What’s going wrong here, I get a DimensionMismatch error when I run this:

input = repeat([ones(2)], 4)
output = zeros(2)
sum(input) # Gives a 2-element Vector{Float64}
sum!(output, input) # Gives a DimensionMismatch error

The error is:

DimensionMismatch("reduction on array with indices (Base.OneTo(4),) with output with indices (Base.OneTo(2),)")
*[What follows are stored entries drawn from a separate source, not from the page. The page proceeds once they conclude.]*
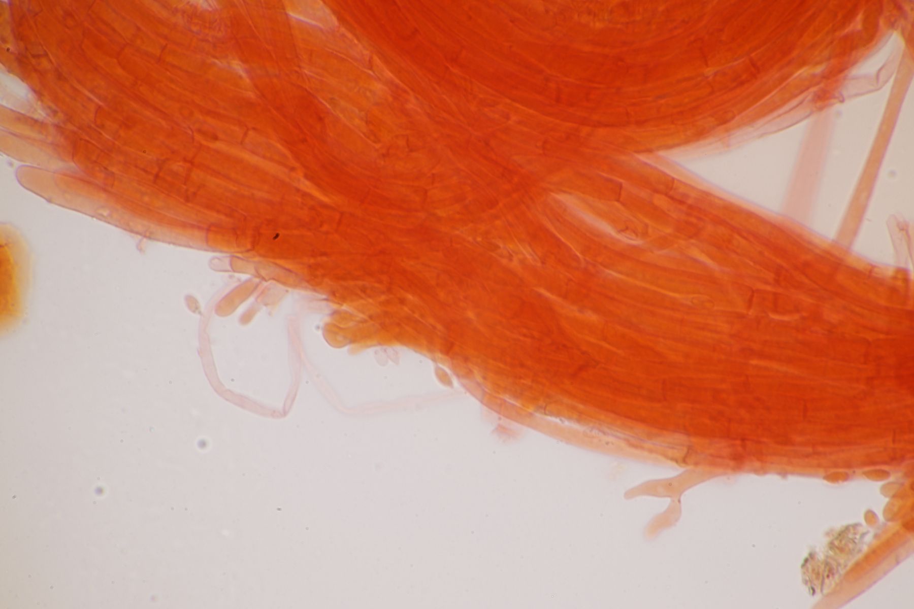 6. Und zum Abschluß noch eine Clitocybe, die am Wegrand im Wald wuchs. Geruch nach Gummi, Sporen tendentiell tropfenförmig und messen 6.6+-0.4 x 4.0+-0.2 µm, Q=1.7+-0.1, 6.1-7.3 x 3.7-4.3 µm, Q=1.5-1.8. Beim Antrocknen wurde der Hut etwas dunkler, aber hygrophane Hüte sollten ja das Gegenteil tun. Wenn ich mich dann durch den Gröger Teilschlüssel a kämpfe, komme ich aber zu keinem gescheiten Ergebnis.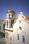 Там говорится, что Византийский император Юстиниан I, во время своего похода против Персов, шел через Сирию. Он остановился в этом пустынном месте, чтобы его, изнывающая от жажды армия могла немного отдохнуть. Ни одного источника вокруг не было, и император понимал, что если они не найдут воду, ни о каком успехе в сражении можно и не думать. И в этот самый момент он увидел вдалеке красивую газель. Юстиниан подумал, что если начать преследовать это животное, то оно, в конце концов, устанет и приведет его к источнику с водой. Так он и сделал. Сам лично он начал загонять газель, пока та не полностью не выбилась из и не привела его на скалистый холмик, у подножья которого был родник. Внезапно животное превратилось в яркий и светящийся образ Пресвятой Богородицы. Протянув к нему руку Она сказал: «Не стреляй в Меня, Юстиниан, но построй для меня церковь здесь на этом холме». Сказав это, Она исчезла.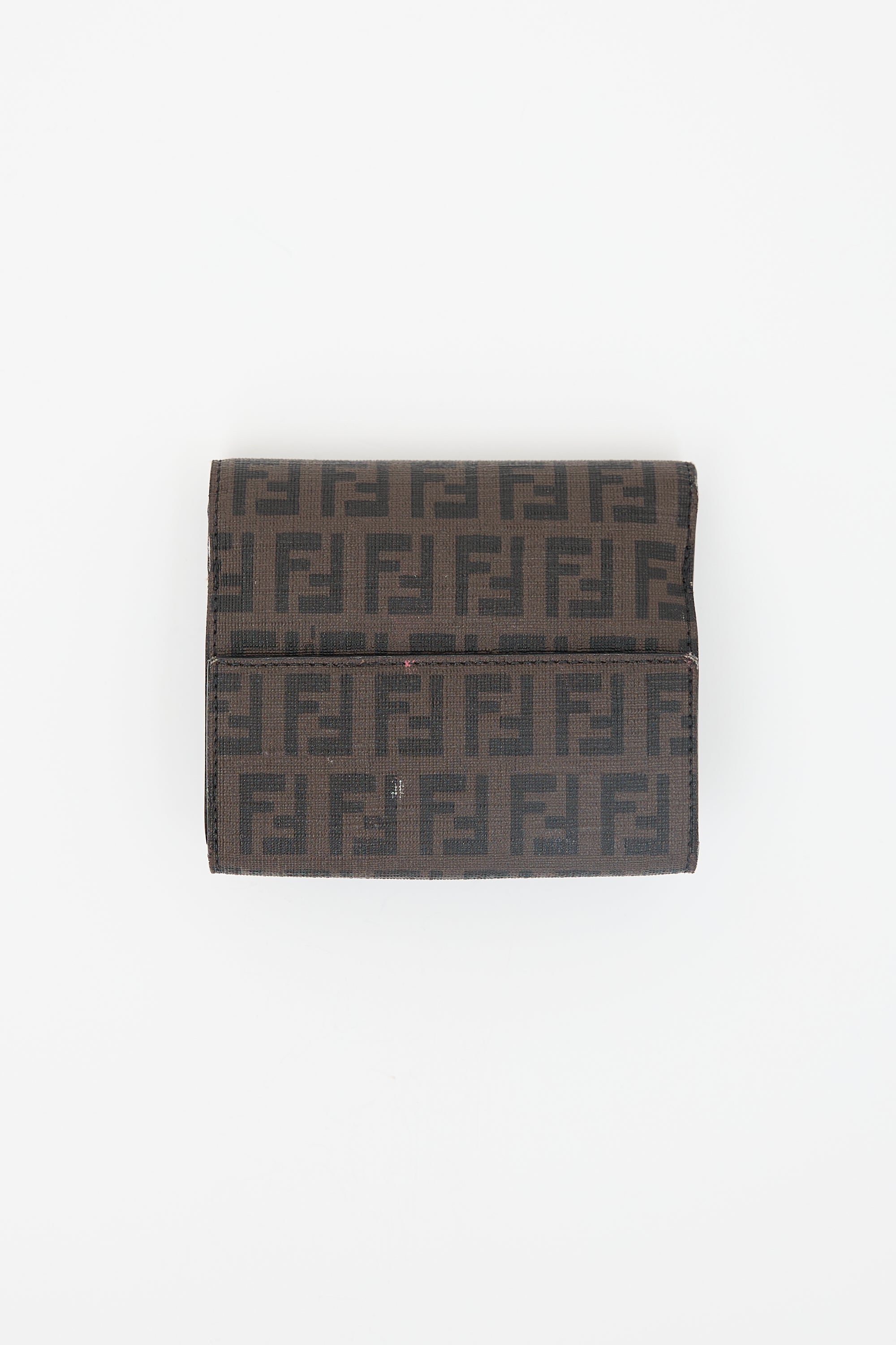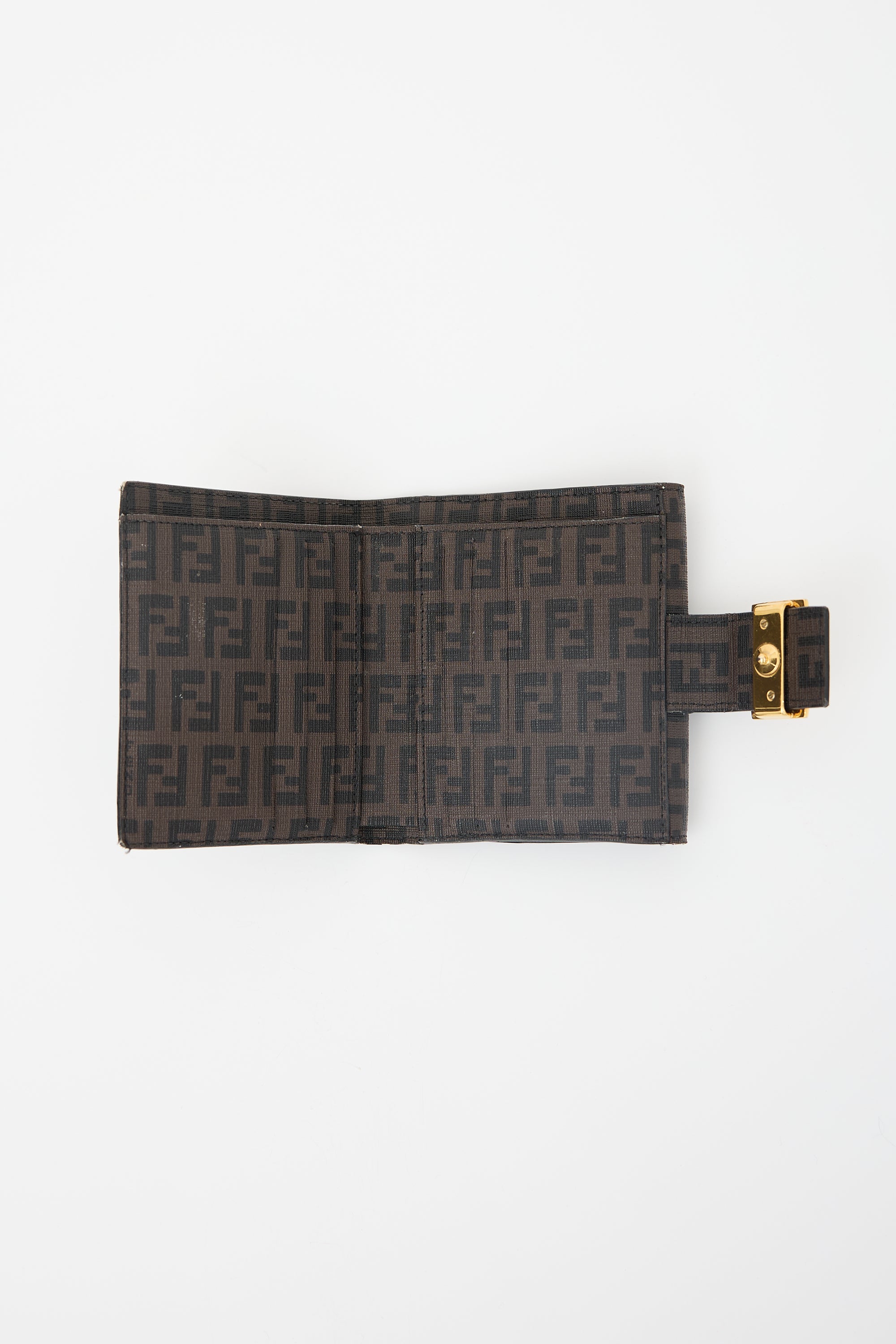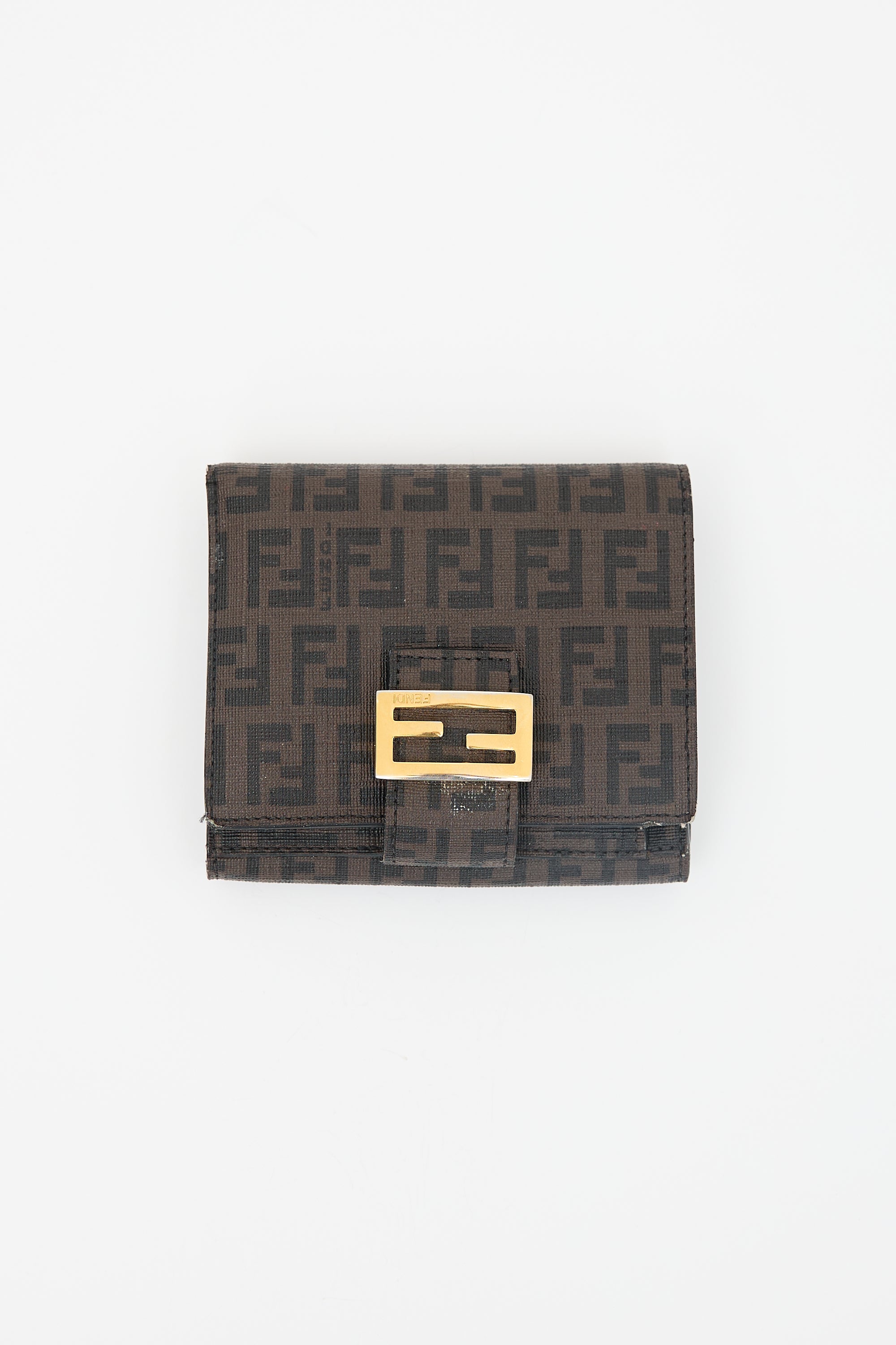 Pre-owned Fendi vintage brown and black wallet featuring gold tone FF hardware at button closure, FF monogram, coin purse at back, and interior compartment includes one bill pocket and eight card slots.

I can write a fix function for my specific case:

function sum_fixed!(output, input::Vector{Vector{T}}, n, m) where T
    for j in 1:m
        for i in 1:n
            output[j] += input[i][j]
        end
    end
end

which is (sometimes) non-allocating:

@btime sum_fixed!(output, input, 4, 2)
34.747 ns (0 allocations: 0 bytes)

but I’m still curious as to why the first doesn’t work and why my function sometimes allocates memory as in the case of my function in the context that I want to use it:

using BenchmarkTools

nagents = 4
f_αβ = reshape(repeat([[0.0, 0.0]], nagents * nagents), nagents, nagents)
sum_f_αβ = [0.0, 0.0]
F_α0 = repeat([[0.0, 0.0]], nagents)

@btime begin
    for i = 1:$nagents
        sum_fixed!($sum_f_αβ, $f_αβ[:, i], $nagents, $2) # 4 (nagents) allocations
        @. $F_α[i] = $F_α0[i] + $sum_f_αβ # 0 allocations
    end
end

which then gives

297.729 ns (4 allocations: 448 bytes)

Can anyone tell me why there are 4 allocations in that loop?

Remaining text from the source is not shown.